--- Activity ---
Keep images out and repeat all data exactly.

--- Data below ---
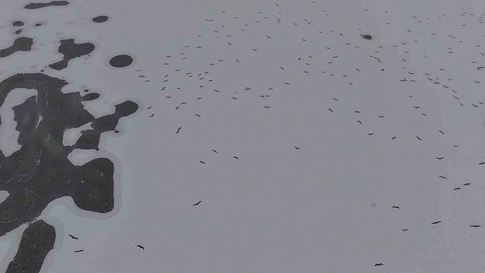 Elazığ’da etkili olan soğuk hava dalgası nedeniyle hava sıcaklığı eksi 11’lere kadar düştü. Yaşanan soğuklar yaklaşık 1,3 kilometrekare büyüklüğündeki Cip Baraj Gölü’nün donmasına neden oldu. Buz tutan gölün yüzeyi, ardından yağan karla karla kaplandı. Karla kaplanan alanlar havadan dronla görüntülendi.
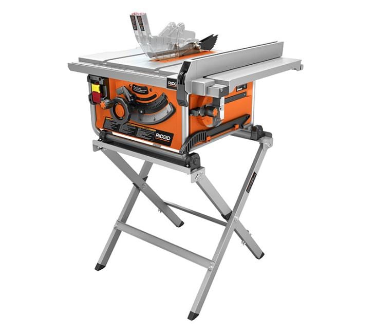 This saw comes with a compact folding stand as well. The stand elevates the saw to a comfortable working height and folds easily for compact transport and storage. Ridgid constructs the table and stand from rugged cast aluminum, and the table saw includes a steel roll cage for added durability.
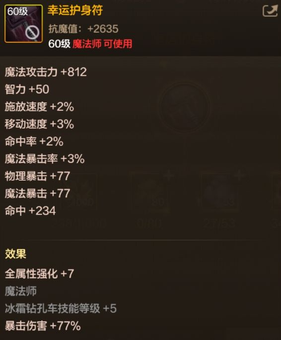 幸运护身符的主要提升在暴击伤害和冰霜钻孔车的技能等级,也就是魔道玩家需要通过堆暴击数值和多使用冰霜钻孔车技能来打出高额的伤害,带来的整体提升很大,尤其是暴击率越高伤害越稳定,暴击伤害加成的属性收益越大。

--- Reply ---
 Elazığ’da etkili olan soğuk hava dalgası nedeniyle hava sıcaklığı eksi 11’lere kadar düştü. Yaşanan soğuklar yaklaşık 1,3 kilometrekare büyüklüğündeki Cip Baraj Gölü’nün donmasına neden oldu. Buz tutan gölün yüzeyi, ardından yağan karla karla kaplandı. Karla kaplanan alanlar havadan dronla görüntülendi.
 This saw comes with a compact folding stand as well. The stand elevates the saw to a comfortable working height and folds easily for compact transport and storage. Ridgid constructs the table and stand from rugged cast aluminum, and the table saw includes a steel roll cage for added durability.
 幸运护身符的主要提升在暴击伤害和冰霜钻孔车的技能等级,也就是魔道玩家需要通过堆暴击数值和多使用冰霜钻孔车技能来打出高额的伤害,带来的整体提升很大,尤其是暴击率越高伤害越稳定,暴击伤害加成的属性收益越大。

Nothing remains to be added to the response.